The knock on the door of the ground-level apartment of the rat-infested triple-decker in Boston's Charlestown neighborhood came roughly seven minutes after sundown. Prompt, considering Rooster had been summoned there only five minutes ago by his friend's urgent, unexplained phone call.



Nathan casually eyed the dead heroin-dealing pimp who lay sprawled where he'd fallen, windpipe crushed five and a half minutes ago, after the human had the bad sense to think the vampire in his living room could be gotten rid of with the help of the revolver stowed under a sofa cushion. The butt of the unused Smith & Wesson was still wedged between the tattered, plaid-covered foam and a fleece throw that didn't quite mask the stains and cigarette burns riddling the filthy upholstery.
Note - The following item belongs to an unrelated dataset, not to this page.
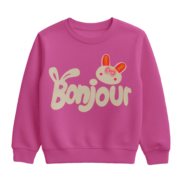 Design: The sweatshirt features a graphic print on the chest with a stylized bunny head and the word "Bonjour" in a cream-colored font. The jogger pants have a smaller matching "Bonjour" design on the leg.

Nathan assumed the weapon was loaded, not that he cared. He'd been trained as a boy to kill a hundred different ways with his bare hands. And he'd never taken a hit in all this time. His record was flawless. His mercy nonexistent.



Rooster's rap on the door came again, two staccato beats. "Yo, Billy! You gonna open this damn door or - "



His words dried up in his throat in that next instant, as Nathan had the door open, Rooster yanked inside, and the dead bolts thrown home in the time it would have taken the human to utter another syllable.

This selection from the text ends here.